Exercise: Give back an exact repetition of the material below, from its first line through the line that contains "Vanadinit hat die", both included, minus the pictures.

Information shown:
++++++++++

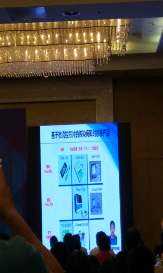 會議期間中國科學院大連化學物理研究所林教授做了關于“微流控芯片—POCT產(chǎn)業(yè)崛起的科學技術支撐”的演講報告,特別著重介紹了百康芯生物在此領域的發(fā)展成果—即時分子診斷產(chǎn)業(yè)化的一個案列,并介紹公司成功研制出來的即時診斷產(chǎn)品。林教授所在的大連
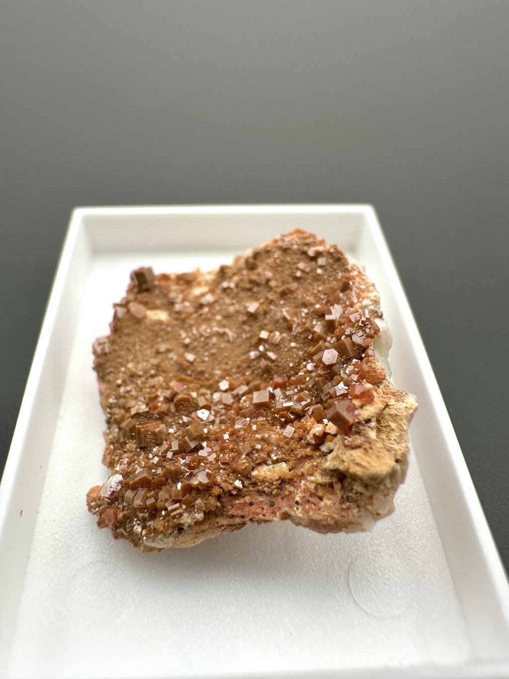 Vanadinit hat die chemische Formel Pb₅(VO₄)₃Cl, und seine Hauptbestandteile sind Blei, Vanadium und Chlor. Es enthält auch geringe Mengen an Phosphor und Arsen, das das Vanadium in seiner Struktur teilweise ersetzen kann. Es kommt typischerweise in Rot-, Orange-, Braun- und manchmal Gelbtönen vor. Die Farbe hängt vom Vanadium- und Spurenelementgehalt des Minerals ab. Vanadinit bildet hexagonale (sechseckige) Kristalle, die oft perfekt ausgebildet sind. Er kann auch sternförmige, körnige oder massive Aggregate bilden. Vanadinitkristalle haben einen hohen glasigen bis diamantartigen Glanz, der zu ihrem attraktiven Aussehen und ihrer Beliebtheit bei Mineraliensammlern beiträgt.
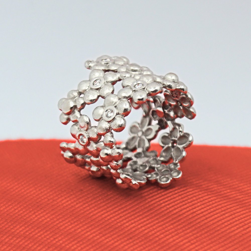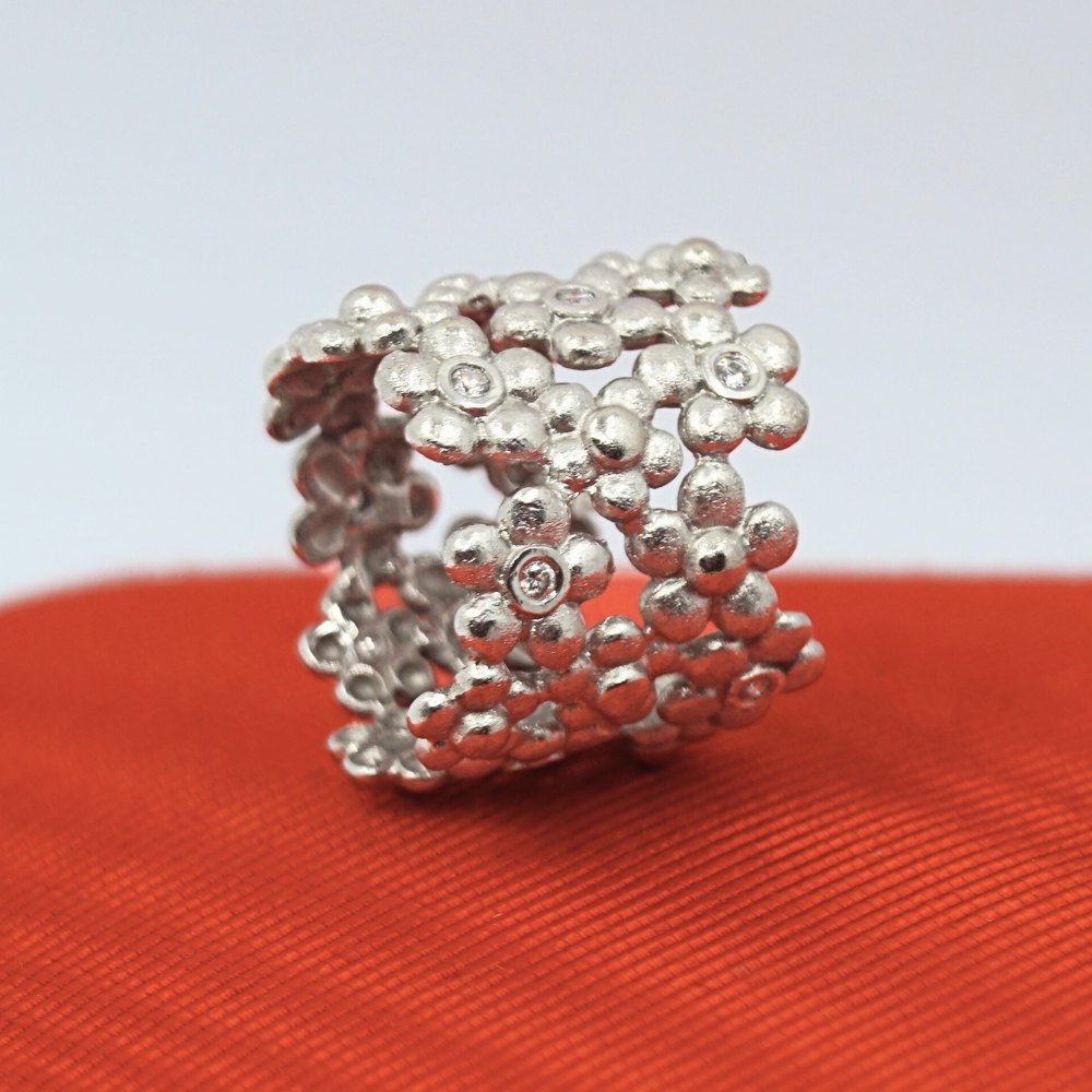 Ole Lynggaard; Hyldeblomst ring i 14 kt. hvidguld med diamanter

++++++++++

Finished exercise:
 會議期間中國科學院大連化學物理研究所林教授做了關于“微流控芯片—POCT產(chǎn)業(yè)崛起的科學技術支撐”的演講報告,特別著重介紹了百康芯生物在此領域的發(fā)展成果—即時分子診斷產(chǎn)業(yè)化的一個案列,并介紹公司成功研制出來的即時診斷產(chǎn)品。林教授所在的大連
 Vanadinit hat die chemische Formel Pb₅(VO₄)₃Cl, und seine Hauptbestandteile sind Blei, Vanadium und Chlor. Es enthält auch geringe Mengen an Phosphor und Arsen, das das Vanadium in seiner Struktur teilweise ersetzen kann. Es kommt typischerweise in Rot-, Orange-, Braun- und manchmal Gelbtönen vor. Die Farbe hängt vom Vanadium- und Spurenelementgehalt des Minerals ab. Vanadinit bildet hexagonale (sechseckige) Kristalle, die oft perfekt ausgebildet sind. Er kann auch sternförmige, körnige oder massive Aggregate bilden. Vanadinitkristalle haben einen hohen glasigen bis diamantartigen Glanz, der zu ihrem attraktiven Aussehen und ihrer Beliebtheit bei Mineraliensammlern beiträgt.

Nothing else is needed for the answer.